(Work to complete) From the first line to the last, restate the material word for word, omitting pictures.

(Supplied data)
+===+

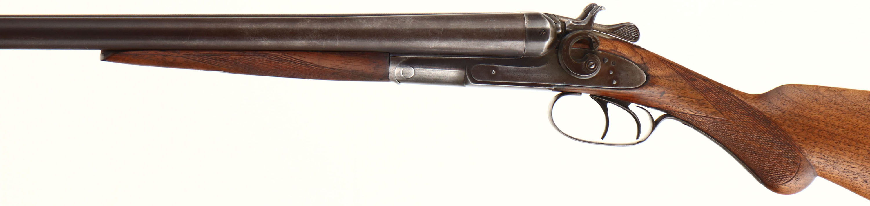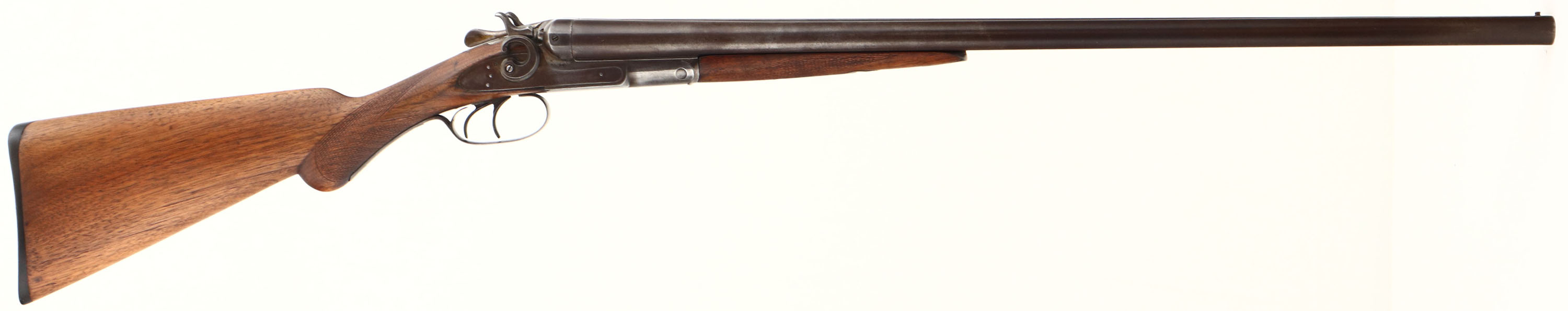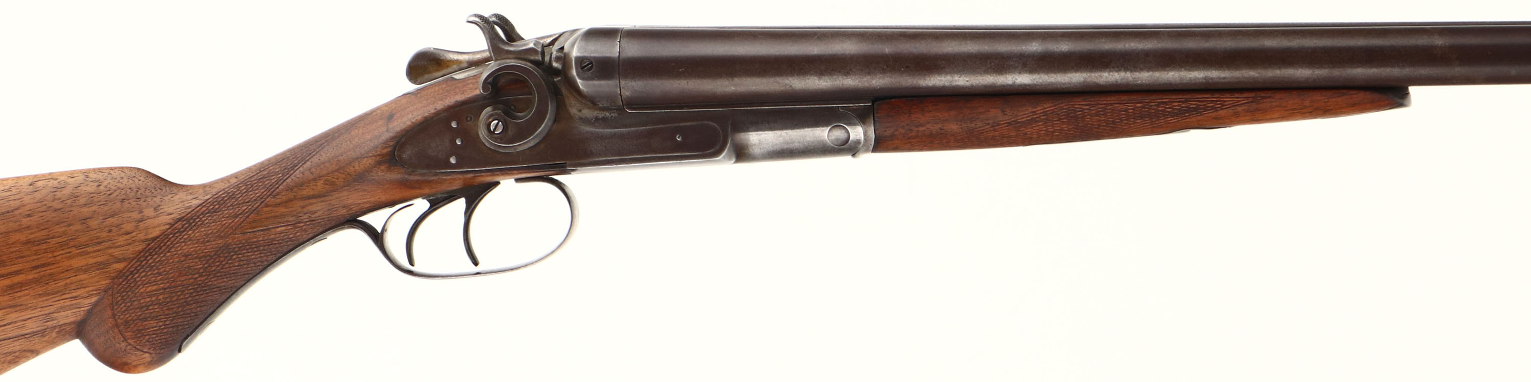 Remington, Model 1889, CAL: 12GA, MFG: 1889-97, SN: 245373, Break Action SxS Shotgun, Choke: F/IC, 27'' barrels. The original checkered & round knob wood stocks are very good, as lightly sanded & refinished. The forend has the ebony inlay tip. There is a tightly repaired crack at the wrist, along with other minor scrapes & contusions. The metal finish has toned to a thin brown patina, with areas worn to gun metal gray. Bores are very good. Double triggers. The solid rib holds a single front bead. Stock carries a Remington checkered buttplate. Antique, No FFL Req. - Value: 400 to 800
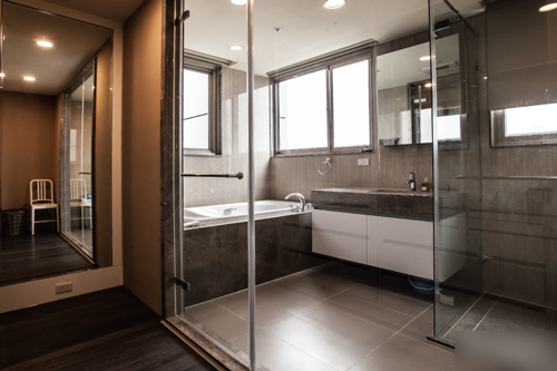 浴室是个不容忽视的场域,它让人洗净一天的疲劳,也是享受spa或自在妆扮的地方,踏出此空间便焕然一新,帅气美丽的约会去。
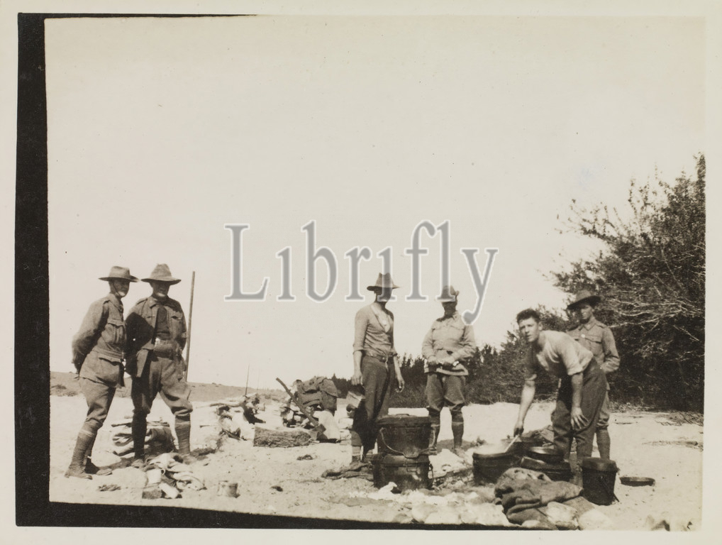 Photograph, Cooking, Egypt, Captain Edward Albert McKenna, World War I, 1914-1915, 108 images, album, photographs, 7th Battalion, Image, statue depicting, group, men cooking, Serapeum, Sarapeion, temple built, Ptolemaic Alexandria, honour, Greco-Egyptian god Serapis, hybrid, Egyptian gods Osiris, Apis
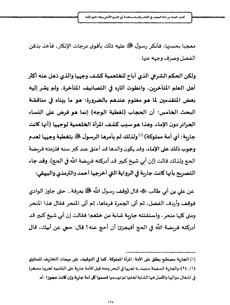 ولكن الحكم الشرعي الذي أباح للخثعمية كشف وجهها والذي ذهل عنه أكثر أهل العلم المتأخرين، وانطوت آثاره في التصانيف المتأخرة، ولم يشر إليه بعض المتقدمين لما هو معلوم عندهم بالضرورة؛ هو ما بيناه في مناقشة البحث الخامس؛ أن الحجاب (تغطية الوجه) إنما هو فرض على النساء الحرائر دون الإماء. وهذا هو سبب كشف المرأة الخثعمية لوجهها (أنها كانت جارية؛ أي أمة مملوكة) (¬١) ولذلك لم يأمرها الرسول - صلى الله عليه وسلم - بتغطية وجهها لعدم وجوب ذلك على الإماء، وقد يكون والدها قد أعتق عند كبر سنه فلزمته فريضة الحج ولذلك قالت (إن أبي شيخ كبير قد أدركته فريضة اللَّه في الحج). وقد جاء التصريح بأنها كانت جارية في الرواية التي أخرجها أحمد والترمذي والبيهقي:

+===+

(Response to the exercise)
 Remington, Model 1889, CAL: 12GA, MFG: 1889-97, SN: 245373, Break Action SxS Shotgun, Choke: F/IC, 27'' barrels. The original checkered & round knob wood stocks are very good, as lightly sanded & refinished. The forend has the ebony inlay tip. There is a tightly repaired crack at the wrist, along with other minor scrapes & contusions. The metal finish has toned to a thin brown patina, with areas worn to gun metal gray. Bores are very good. Double triggers. The solid rib holds a single front bead. Stock carries a Remington checkered buttplate. Antique, No FFL Req. - Value: 400 to 800
 浴室是个不容忽视的场域,它让人洗净一天的疲劳,也是享受spa或自在妆扮的地方,踏出此空间便焕然一新,帅气美丽的约会去。
 Photograph, Cooking, Egypt, Captain Edward Albert McKenna, World War I, 1914-1915, 108 images, album, photographs, 7th Battalion, Image, statue depicting, group, men cooking, Serapeum, Sarapeion, temple built, Ptolemaic Alexandria, honour, Greco-Egyptian god Serapis, hybrid, Egyptian gods Osiris, Apis
 ولكن الحكم الشرعي الذي أباح للخثعمية كشف وجهها والذي ذهل عنه أكثر أهل العلم المتأخرين، وانطوت آثاره في التصانيف المتأخرة، ولم يشر إليه بعض المتقدمين لما هو معلوم عندهم بالضرورة؛ هو ما بيناه في مناقشة البحث الخامس؛ أن الحجاب (تغطية الوجه) إنما هو فرض على النساء الحرائر دون الإماء. وهذا هو سبب كشف المرأة الخثعمية لوجهها (أنها كانت جارية؛ أي أمة مملوكة) (¬١) ولذلك لم يأمرها الرسول - صلى الله عليه وسلم - بتغطية وجهها لعدم وجوب ذلك على الإماء، وقد يكون والدها قد أعتق عند كبر سنه فلزمته فريضة الحج ولذلك قالت (إن أبي شيخ كبير قد أدركته فريضة اللَّه في الحج). وقد جاء التصريح بأنها كانت جارية في الرواية التي أخرجها أحمد والترمذي والبيهقي:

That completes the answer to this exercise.